_Exercise instructions:_
Return the lines below exactly, from the first line to the line that contains "10月の土日祝日限定で焚き火イベントを開催いたします🔥". Leave out pictures.

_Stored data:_

::::

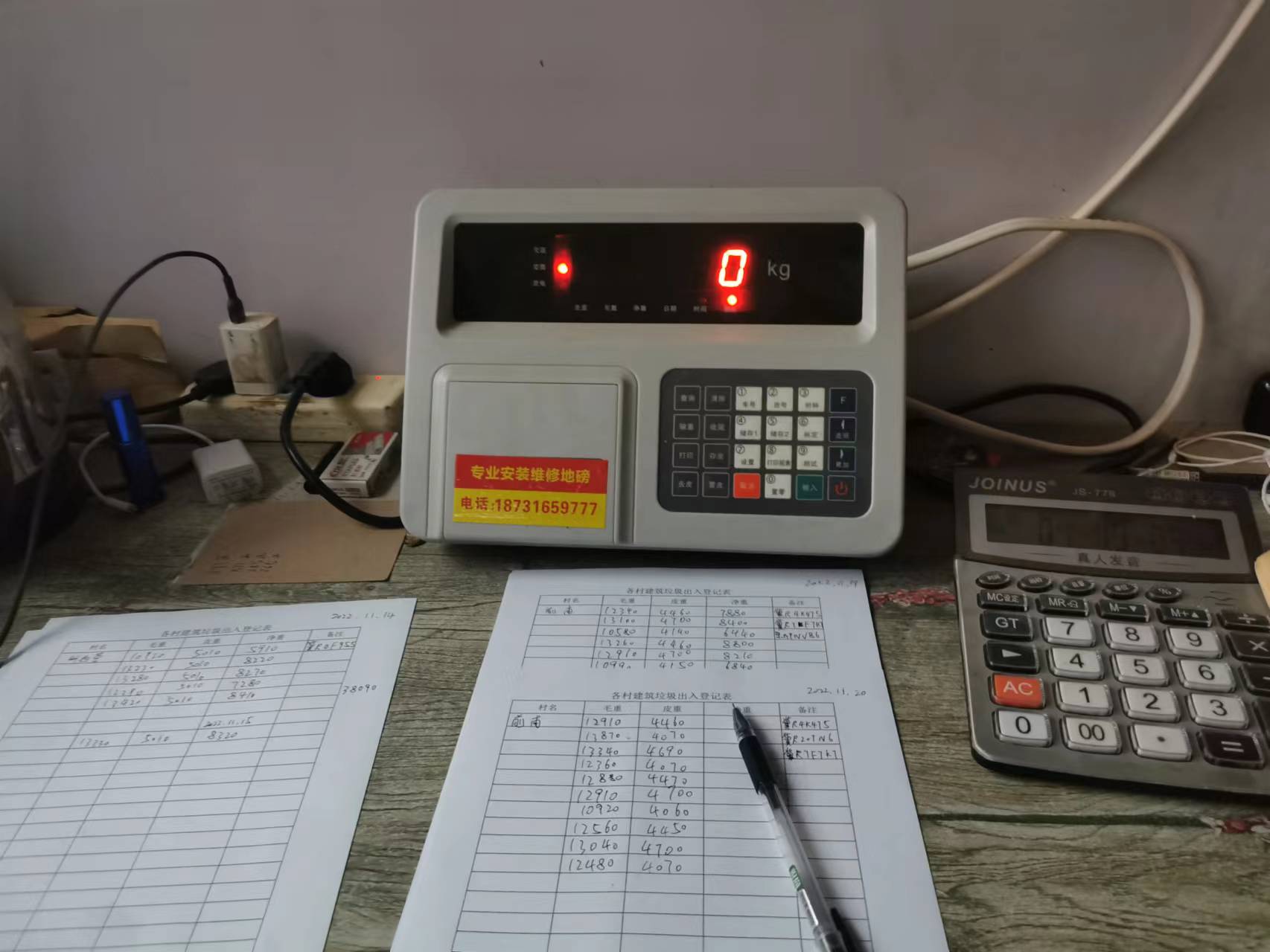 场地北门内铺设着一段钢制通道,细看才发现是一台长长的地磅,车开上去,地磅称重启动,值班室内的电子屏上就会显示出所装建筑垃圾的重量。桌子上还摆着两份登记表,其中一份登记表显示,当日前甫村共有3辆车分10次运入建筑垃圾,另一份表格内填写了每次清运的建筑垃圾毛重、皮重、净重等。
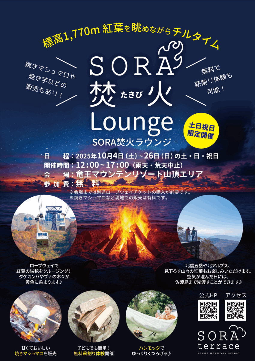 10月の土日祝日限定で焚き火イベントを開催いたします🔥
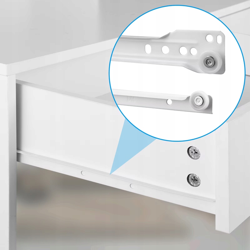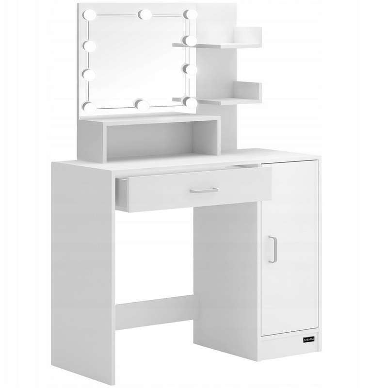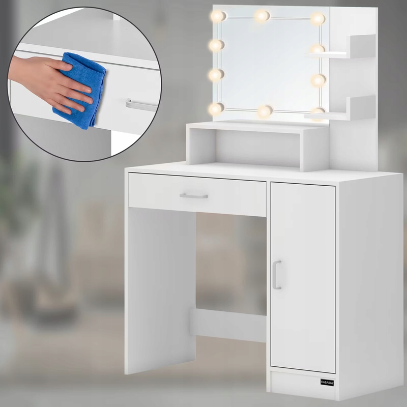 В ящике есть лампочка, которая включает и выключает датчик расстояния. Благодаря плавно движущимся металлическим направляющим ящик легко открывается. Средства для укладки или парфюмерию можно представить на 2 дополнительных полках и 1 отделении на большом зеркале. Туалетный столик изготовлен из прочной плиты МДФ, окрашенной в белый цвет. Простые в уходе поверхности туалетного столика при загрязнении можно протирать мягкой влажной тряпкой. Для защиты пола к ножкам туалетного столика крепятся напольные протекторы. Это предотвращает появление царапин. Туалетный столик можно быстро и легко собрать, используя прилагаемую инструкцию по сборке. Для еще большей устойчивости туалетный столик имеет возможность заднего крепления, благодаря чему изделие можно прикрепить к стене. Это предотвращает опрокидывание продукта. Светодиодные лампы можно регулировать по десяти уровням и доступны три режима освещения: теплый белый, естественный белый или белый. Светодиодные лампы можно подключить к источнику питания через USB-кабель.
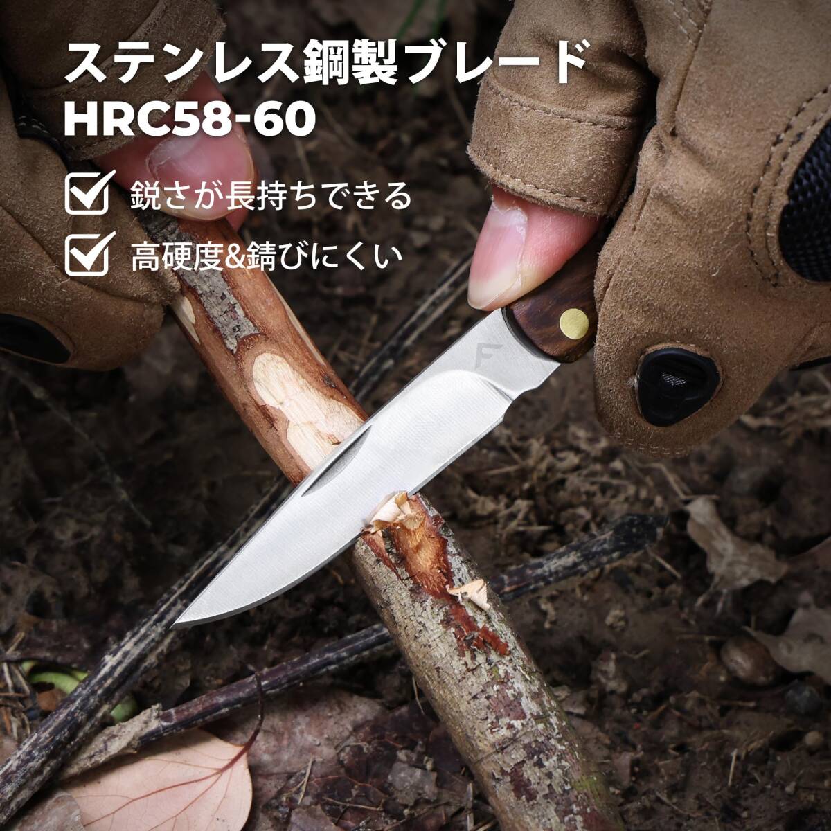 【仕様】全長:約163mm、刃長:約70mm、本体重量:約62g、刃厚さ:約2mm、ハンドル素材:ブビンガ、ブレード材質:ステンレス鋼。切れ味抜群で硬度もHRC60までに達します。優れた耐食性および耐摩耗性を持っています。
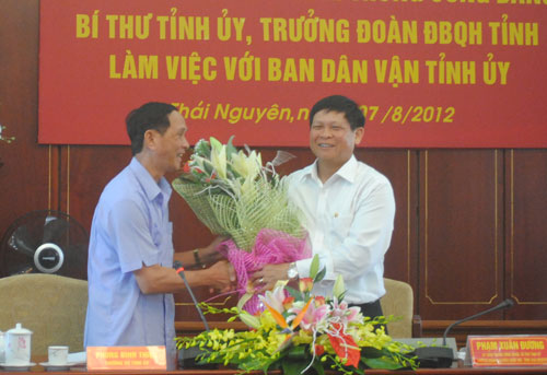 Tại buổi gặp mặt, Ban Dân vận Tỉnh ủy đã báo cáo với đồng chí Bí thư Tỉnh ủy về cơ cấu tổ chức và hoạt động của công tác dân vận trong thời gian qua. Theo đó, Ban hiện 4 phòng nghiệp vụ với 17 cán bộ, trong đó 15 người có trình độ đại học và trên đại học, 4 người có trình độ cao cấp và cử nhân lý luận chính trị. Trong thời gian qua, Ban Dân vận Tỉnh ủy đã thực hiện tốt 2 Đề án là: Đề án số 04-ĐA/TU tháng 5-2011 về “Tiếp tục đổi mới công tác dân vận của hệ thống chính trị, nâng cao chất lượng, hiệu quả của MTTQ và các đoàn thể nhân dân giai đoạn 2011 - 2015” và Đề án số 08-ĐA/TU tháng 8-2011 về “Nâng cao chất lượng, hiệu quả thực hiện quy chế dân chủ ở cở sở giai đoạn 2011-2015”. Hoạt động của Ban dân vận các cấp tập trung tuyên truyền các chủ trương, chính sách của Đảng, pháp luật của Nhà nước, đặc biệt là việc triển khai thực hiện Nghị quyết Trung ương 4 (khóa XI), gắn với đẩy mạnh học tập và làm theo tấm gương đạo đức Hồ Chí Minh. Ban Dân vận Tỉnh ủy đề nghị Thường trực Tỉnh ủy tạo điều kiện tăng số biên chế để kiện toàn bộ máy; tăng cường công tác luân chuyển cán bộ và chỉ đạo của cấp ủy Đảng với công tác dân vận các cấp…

::::

_Exercise solution:_
 场地北门内铺设着一段钢制通道,细看才发现是一台长长的地磅,车开上去,地磅称重启动,值班室内的电子屏上就会显示出所装建筑垃圾的重量。桌子上还摆着两份登记表,其中一份登记表显示,当日前甫村共有3辆车分10次运入建筑垃圾,另一份表格内填写了每次清运的建筑垃圾毛重、皮重、净重等。
 10月の土日祝日限定で焚き火イベントを開催いたします🔥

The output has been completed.